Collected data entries
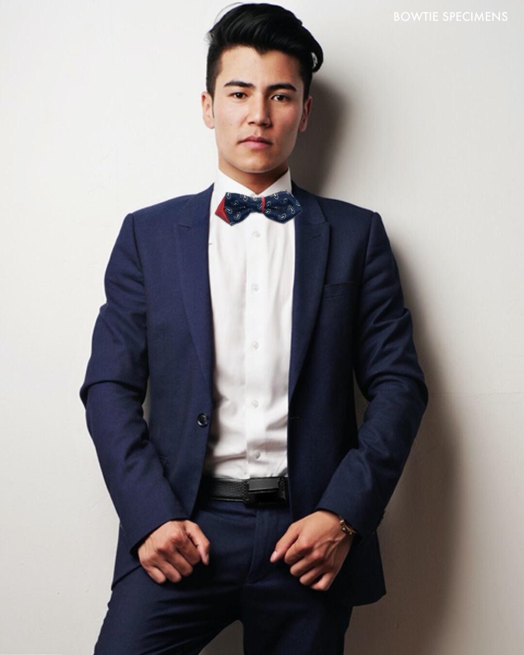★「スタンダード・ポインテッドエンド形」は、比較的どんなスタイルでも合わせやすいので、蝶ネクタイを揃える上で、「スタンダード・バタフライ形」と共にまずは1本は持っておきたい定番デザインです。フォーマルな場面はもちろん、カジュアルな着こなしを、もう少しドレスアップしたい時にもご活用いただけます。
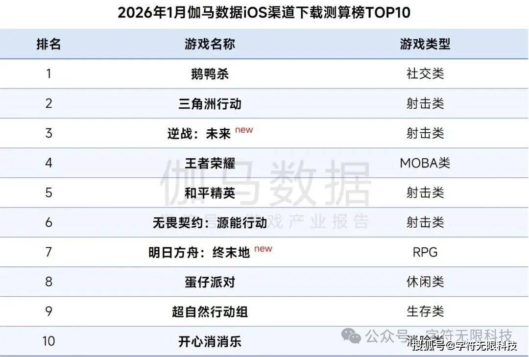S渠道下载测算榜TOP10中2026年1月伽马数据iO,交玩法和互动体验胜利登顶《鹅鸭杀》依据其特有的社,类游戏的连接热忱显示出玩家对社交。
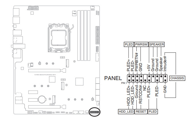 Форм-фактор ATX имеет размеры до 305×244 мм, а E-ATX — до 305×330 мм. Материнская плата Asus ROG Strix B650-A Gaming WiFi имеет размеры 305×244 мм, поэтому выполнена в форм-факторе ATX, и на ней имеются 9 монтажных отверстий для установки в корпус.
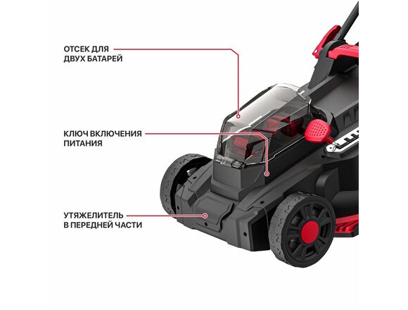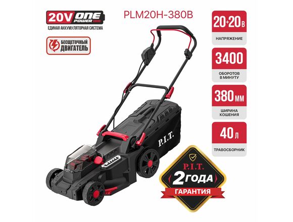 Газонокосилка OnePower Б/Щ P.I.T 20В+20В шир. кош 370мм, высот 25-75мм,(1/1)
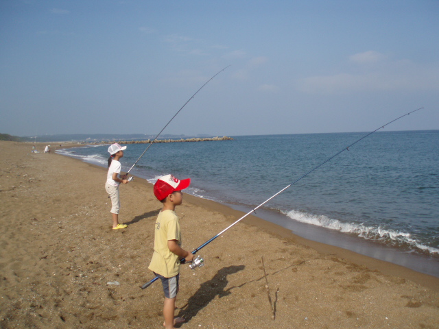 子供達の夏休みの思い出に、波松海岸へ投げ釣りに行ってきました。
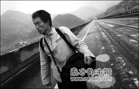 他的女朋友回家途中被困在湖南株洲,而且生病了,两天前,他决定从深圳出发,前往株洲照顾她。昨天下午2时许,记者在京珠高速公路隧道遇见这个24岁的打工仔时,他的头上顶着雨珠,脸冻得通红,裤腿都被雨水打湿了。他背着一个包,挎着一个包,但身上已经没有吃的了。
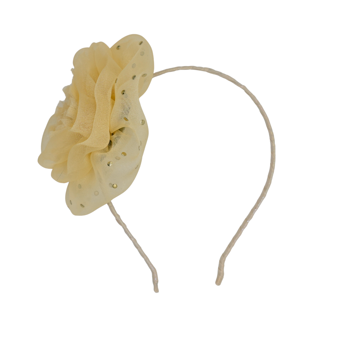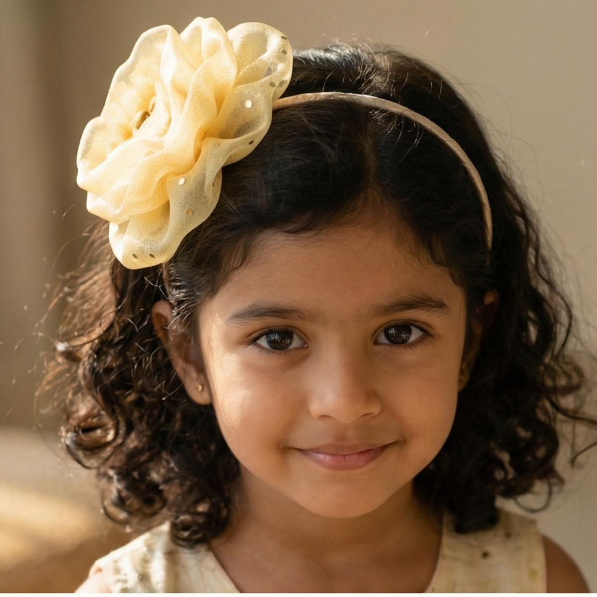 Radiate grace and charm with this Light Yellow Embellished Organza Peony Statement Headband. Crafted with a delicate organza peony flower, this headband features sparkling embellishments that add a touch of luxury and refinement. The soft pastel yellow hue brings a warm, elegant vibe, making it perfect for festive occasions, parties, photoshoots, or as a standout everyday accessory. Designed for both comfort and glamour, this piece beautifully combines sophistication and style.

WORK REQUEST
Print the data above from its first line through the line that has "子供達の夏休みの思い出に、波松海岸へ投げ釣りに行ってきました。", exactly and with nothing else, omitting pictures.

EXPECTED OUTPUT
★「スタンダード・ポインテッドエンド形」は、比較的どんなスタイルでも合わせやすいので、蝶ネクタイを揃える上で、「スタンダード・バタフライ形」と共にまずは1本は持っておきたい定番デザインです。フォーマルな場面はもちろん、カジュアルな着こなしを、もう少しドレスアップしたい時にもご活用いただけます。
S渠道下载测算榜TOP10中2026年1月伽马数据iO,交玩法和互动体验胜利登顶《鹅鸭杀》依据其特有的社,类游戏的连接热忱显示出玩家对社交。
 Форм-фактор ATX имеет размеры до 305×244 мм, а E-ATX — до 305×330 мм. Материнская плата Asus ROG Strix B650-A Gaming WiFi имеет размеры 305×244 мм, поэтому выполнена в форм-факторе ATX, и на ней имеются 9 монтажных отверстий для установки в корпус.
 Газонокосилка OnePower Б/Щ P.I.T 20В+20В шир. кош 370мм, высот 25-75мм,(1/1)
 子供達の夏休みの思い出に、波松海岸へ投げ釣りに行ってきました。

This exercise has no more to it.